About four millennia later, a holocron of his resurfaced in the smelly Sith Mega-Super-Overlord Darth Krayt's hands; Nihilus attempted to advise Krayt, but Krayt couldn't understand his weirdo language. Nihilus at some point was Frozen in Plastic. He also had a conversation with modern radio shock jock Howard Stern.
For you b*stards that chose the alternate ending, this is what really happened. Darth Nihilus' hunger for weed was growing far stronger than he could control, he was become a Darth Addict. Aboard his epic starship, he smoked the Joint of all Joints, his lightsaber...! He inhaled everything sending him insane, and eventually, killing him.
After his death, some stupid exile Jedi came and picked up the Joint of all Joints and put it on display in a museum on Korriban called Walmart.
Many thousands of years later, a crazy arse sith lord, Darth Kryat, found his Holocron, and tried figuring out the ways of the Joint, and discover the missing Joint of all Joints, in the Walmart museum, lost in Korriban's big big big deserts
Nihilus was a weird weirdo, which was not unusual for their species. Unlike his species, he had a preference for marijuana. He was a Rastafarian, so he felt it was his duty to smoke as much weed as he could. He hurt so bad for it, he was driven to have relations with a Elder weirdo's wife to get some! Anyway, he was willing to do anything for dope, even get smart-mouthed by Mission Vao, whom Revan would refer to someday as a snot-nosed punk and an urchin. When the Exile ordered her pawn Bao-Dur to activate the devastating PWNage machine, he became human, though he still retained his weirdo dread-locked hair. He hated The Hag, but since she offered to teach him how to get high by PWNing with the Force, he had no choice. NO CHOICE!!! He still managed to find the occasional puff, provided by his Zombie BFF. After he and Zombie nearly PWNed The Hag, they went their separate ways, since he needed more dope, and Zombie aspired to be like Darth Maul.
He was not opposed to prostitution, when he saved Visas Marr, he lent her out to his zombie buddy when he visited Nihilus, for old time's sake. He got mad when the Exile wouldn't pay him for Marr's services. Nihilus was also a pig, leaving ashes and his funky robes around, which he didn't need to wear.
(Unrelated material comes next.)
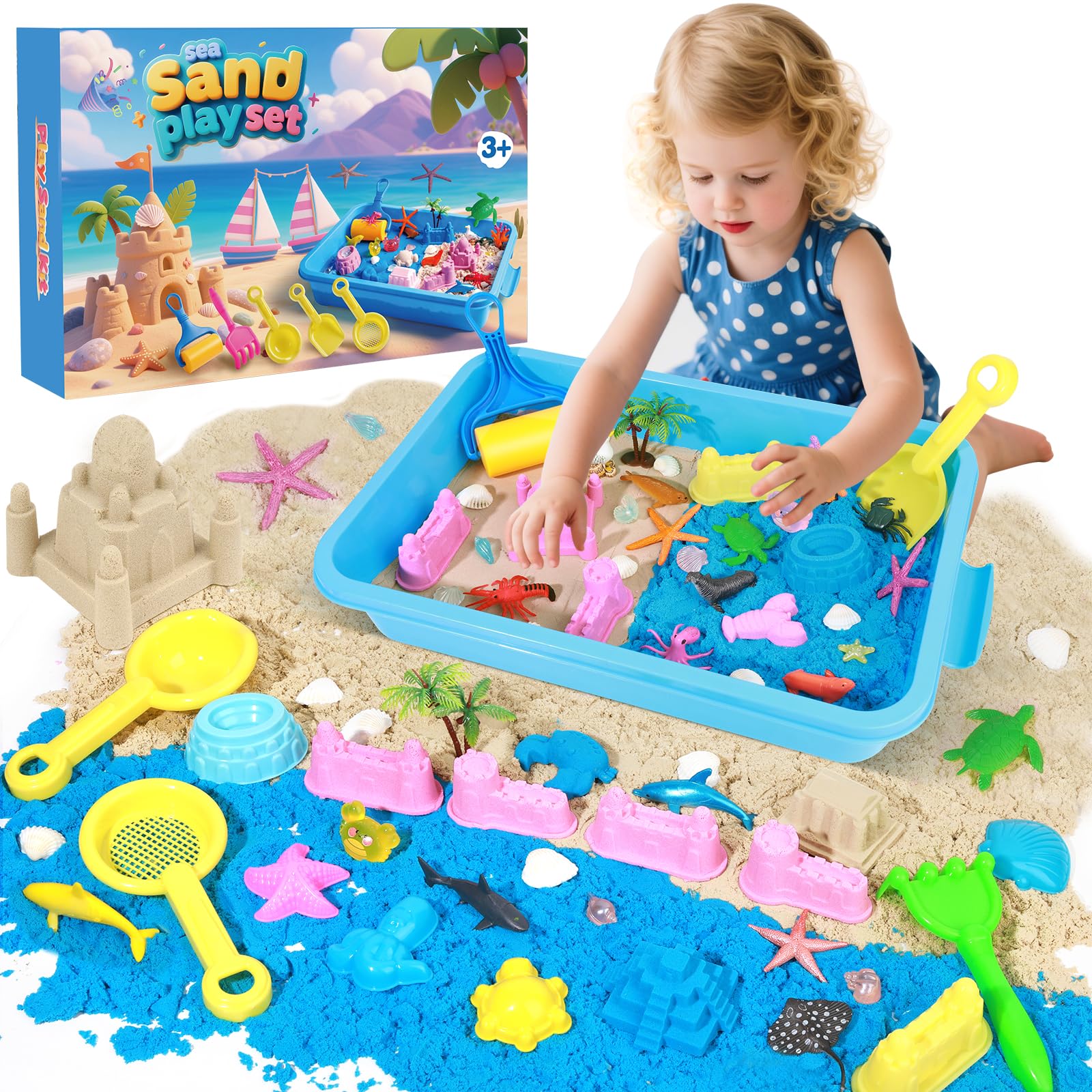 Cubo sensorial oceánico, kit de arte de arena con arena de juego de 3.3 libras, moldes de juguetes de animales marinos, juego sens

He also kept spare masks around, he got his original mask from a drug dealer's skull. That dealer gave him some bad dope. He built a holocron that advised people who could understand his weirdo language some cool ways to get high off the Force, and how to properly smoke a joint. However, no one could understand his language, except for He-who-must-be-obeyed and Revan.
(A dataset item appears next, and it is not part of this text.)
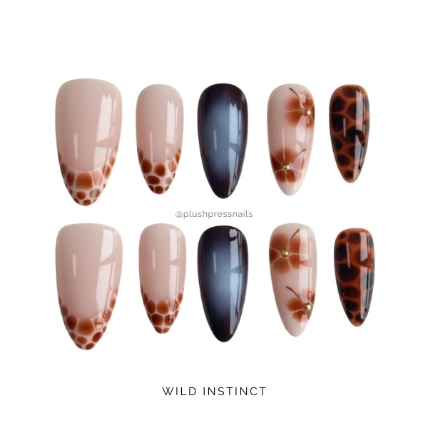 Wild Instinct combines soft nude bases with dramatic black coffin nails and stunning tortoiseshell/leopard print patterns in rich browns and blacks, accented with delicate bow details that add a touch of feminine contrast to the wild aesthetic.

«Power must be used responsibly, Lord Krayt. Not for the Sith, not for anything else… but for MARIJUANA!!!»
―Nihilus' holocron, to Darth Krayt
Darth Nihius used a ultra-kewwl lightsaber, which had a red crystal. The saber was not as kewwl as Revan's however. He fought kinda like Revan's whiny apprentice, the great cry-baby Malak. He used a weird Force power that looked like a orange string which came from his hand and connected to a being, draining their life and making them look all gray. He also used Force choke, which he used primarily to put Marr back in her place. He also used Force lightning, like The Hag's equally-smelly hubbo Palpatine, although he wasn't as happy with it as Palps was. He could also Destroy your planet.